Write each line out exactly, from the one containing "319 - (ادفنوا" through the final line of the data, and keep pictures out of the copy.

● **SOURCE MATERIAL**:
:::::

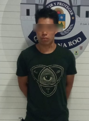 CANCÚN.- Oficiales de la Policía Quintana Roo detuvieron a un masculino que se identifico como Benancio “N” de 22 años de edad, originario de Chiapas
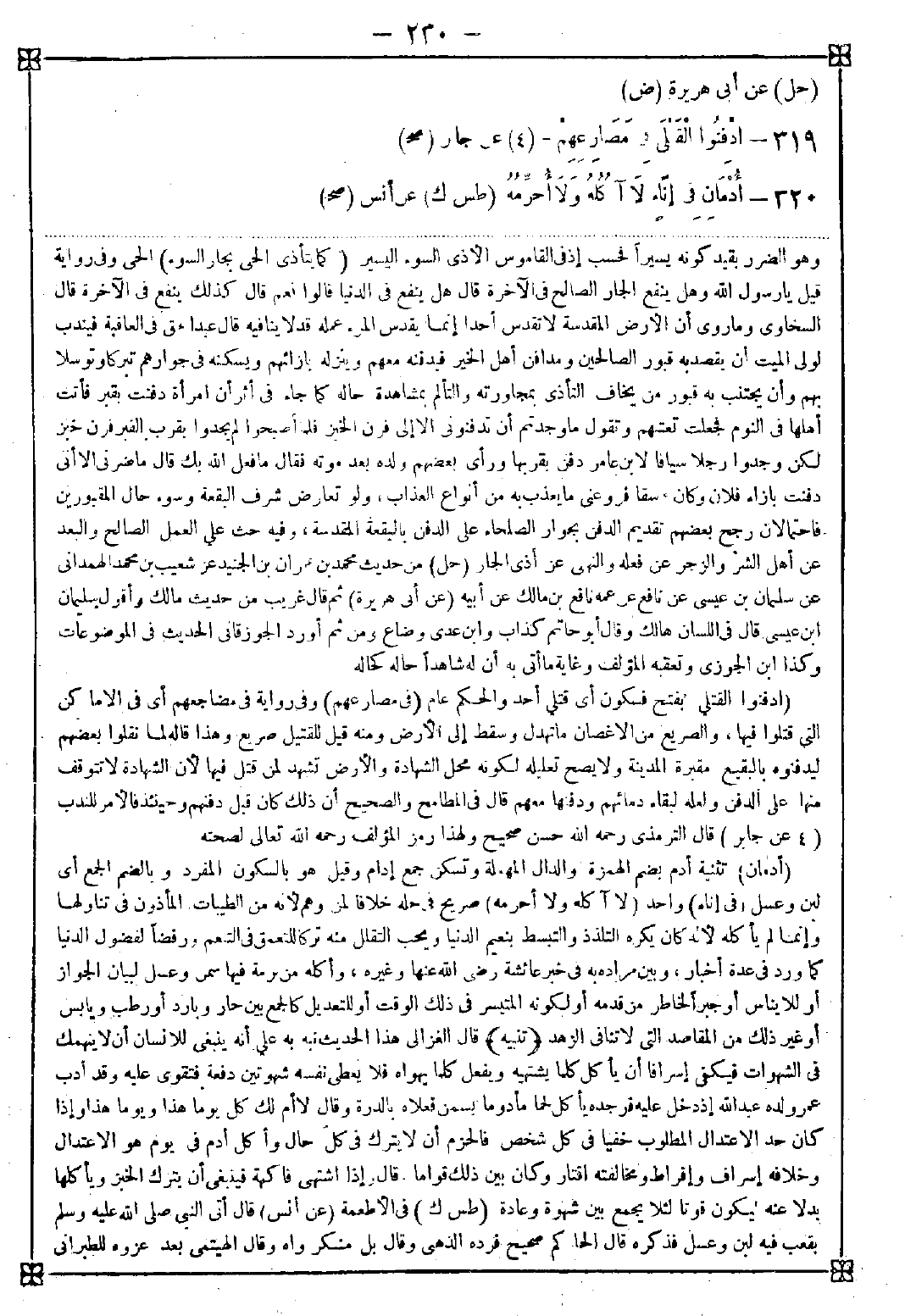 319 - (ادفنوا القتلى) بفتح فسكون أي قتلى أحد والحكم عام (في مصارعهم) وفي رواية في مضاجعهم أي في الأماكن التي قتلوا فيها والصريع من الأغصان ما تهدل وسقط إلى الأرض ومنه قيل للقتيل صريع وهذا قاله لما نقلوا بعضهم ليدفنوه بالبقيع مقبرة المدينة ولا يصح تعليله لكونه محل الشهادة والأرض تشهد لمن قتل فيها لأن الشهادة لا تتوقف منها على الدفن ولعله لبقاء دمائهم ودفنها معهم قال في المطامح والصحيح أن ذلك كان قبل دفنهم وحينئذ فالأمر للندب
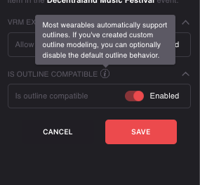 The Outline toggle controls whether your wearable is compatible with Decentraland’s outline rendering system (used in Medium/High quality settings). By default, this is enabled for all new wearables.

:::::

● **EXERCISE SOLUTION**:
 319 - (ادفنوا القتلى) بفتح فسكون أي قتلى أحد والحكم عام (في مصارعهم) وفي رواية في مضاجعهم أي في الأماكن التي قتلوا فيها والصريع من الأغصان ما تهدل وسقط إلى الأرض ومنه قيل للقتيل صريع وهذا قاله لما نقلوا بعضهم ليدفنوه بالبقيع مقبرة المدينة ولا يصح تعليله لكونه محل الشهادة والأرض تشهد لمن قتل فيها لأن الشهادة لا تتوقف منها على الدفن ولعله لبقاء دمائهم ودفنها معهم قال في المطامح والصحيح أن ذلك كان قبل دفنهم وحينئذ فالأمر للندب
 The Outline toggle controls whether your wearable is compatible with Decentraland’s outline rendering system (used in Medium/High quality settings). By default, this is enabled for all new wearables.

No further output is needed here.